Referring to fig. 5, fig. 5 is a flowchart illustrating another radio connection modification method provided in an embodiment of the present application, where in the embodiment of the present application, a terminal device reserves an RRC connection according to a cause value carried in a registration reject message. Further, modification of the radio resource control connection between the radio access network node and the terminal device is initiated by the terminal device. The method includes, but is not limited to, the steps of:

s501, the terminal device receives a registration reject message from a radio access network node serving the first network and the second network, where the registration reject message includes a cause value indicating that the terminal device has not subscribed to the service of the first network.

S207 may be referred to in a specific implementation manner of S501, that is, the AMF network element transparently transmits the registration rejection message to the terminal device through the radio access network node, which is not described herein again.

And S502, the terminal equipment reserves the radio resource control connection between the wireless access network node and the terminal equipment according to the reason value.

S208 may be referred to for specific implementation of S502, and details are not described here.

S503, the terminal device initiates registration of the second network to the radio access network node.

The terminal device reserves the RRC connection between the radio access network node and the terminal device, and the radio access network node may modify the RRC connection, and the modified radio resource control connection is used for signaling transmission of the second network. The terminal device thereby initiates registration of the second network with the radio access network node. S211 may be referred to for a specific implementation of S503, which is not described herein again.

In the implementation scenario of this embodiment, before S503, S504-S505 may be further included:

s504, the terminal device sends identification information of a second network to the wireless access network node, wherein the identification information of the second network is used for indicating the wireless resource control connection to be used for signaling transmission of the second network.

And S505, the wireless access network node modifies the wireless resource control connection between the wireless access network node and the terminal equipment according to the identification information of the second network, and the modified wireless resource control connection is used for signaling transmission of the second network.

The specific implementation of S504-S505 can refer to S209-S210, which is not described herein.

In the existing registration procedure, when the terminal device receives a registration rejection message from the radio access network node, a registration failure procedure is triggered, resulting in the release of the RRC connection between the terminal device and the radio access network node. At this time, if the terminal device wants to access the second network, it is necessary to re-establish the RRC connection between the terminal device and the radio access network node. In the embodiment of the present application, the terminal device does not release the RRC connection between the terminal device and the radio access network node, but modifies the RRC connection between the terminal device and the radio access network node, so that the RRC connection is suitable for signaling transmission of the second network. Thereby reducing the extra signaling overhead caused by reestablishment after the RRC connection is released.

Referring to fig. 6, fig. 6 is a flowchart illustrating another radio connection modification method according to an embodiment of the present application, in which a radio access network node modifies a radio resource control connection between a radio access network node and a terminal device.
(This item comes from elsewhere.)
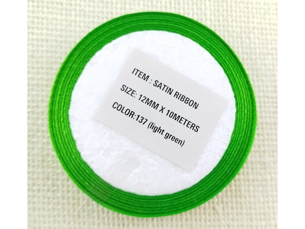 Saténová stuha široká 12 mm ve světle zelené barvě. Balení - návin 10m

The method includes, but is not limited to, the steps of:

s601, the network element with access and mobility management functions of the first network receives indication information from the unified data management network element of the first network, where the indication information is used to indicate that the terminal device does not sign a service of the first network.
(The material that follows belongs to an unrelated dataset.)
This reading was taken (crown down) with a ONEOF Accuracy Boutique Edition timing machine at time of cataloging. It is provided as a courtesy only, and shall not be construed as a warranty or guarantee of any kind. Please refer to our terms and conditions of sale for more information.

The specific implementation of S601 may refer to S305-S306, which are not described herein again. The indication information in this embodiment is the first indication information in S305-S306.

And S602, the network element with the access and mobility management functions sends a reason value to the wireless access network node serving the first network and the second network according to the indication information, wherein the reason value is used for indicating that the terminal equipment does not sign the service of the first network.

S308 may be referred to for specific implementation of S602, and details are not described here. The cause value in this embodiment is the second cause value in S308.

S603, the wireless access network node modifies the wireless resource control connection between the wireless access network node and the terminal equipment according to the cause value, and the modified wireless resource control connection is used for signaling transmission of the second network.

S603 may refer to S310, and details are not described here.

In the existing registration process, when the AMF network element of the first network determines that the terminal device is not subscribed to the service of the first network, a registration failure process is triggered, which results in the release of the RRC connection between the terminal device and the radio access network node. At this time, if the terminal device wants to access the second network, it is necessary to re-establish the RRC connection between the terminal device and the radio access network node. In the embodiment of the application, the terminal device does not release the RRC connection between the terminal device and the radio access network node, and the radio access network node modifies the RRC connection according to the cause value sent by the access and mobility management function network element, so that the RRC connection is suitable for signaling transmission of the second network. Thereby reducing the extra signaling overhead caused by reestablishment after the RRC connection is released.

The above mainly introduces the scheme provided in the embodiments of the present application from the perspective of interaction between different network elements. It is understood that other network elements such as radio access network nodes, terminal devices, access and mobility management function network elements, etc. include hardware structures and/or software modules corresponding to the respective functions for implementing the above-described functions. The elements and algorithm steps of the various examples described in connection with the embodiments disclosed herein may be embodied in hardware or in a combination of hardware and computer software. Whether a function is performed as hardware or computer software drives hardware depends upon the particular application and design constraints imposed on the solution. Skilled artisans may implement the described functionality in varying ways for each particular application, but such implementation decisions should not be interpreted as causing a departure from the scope of the present teachings.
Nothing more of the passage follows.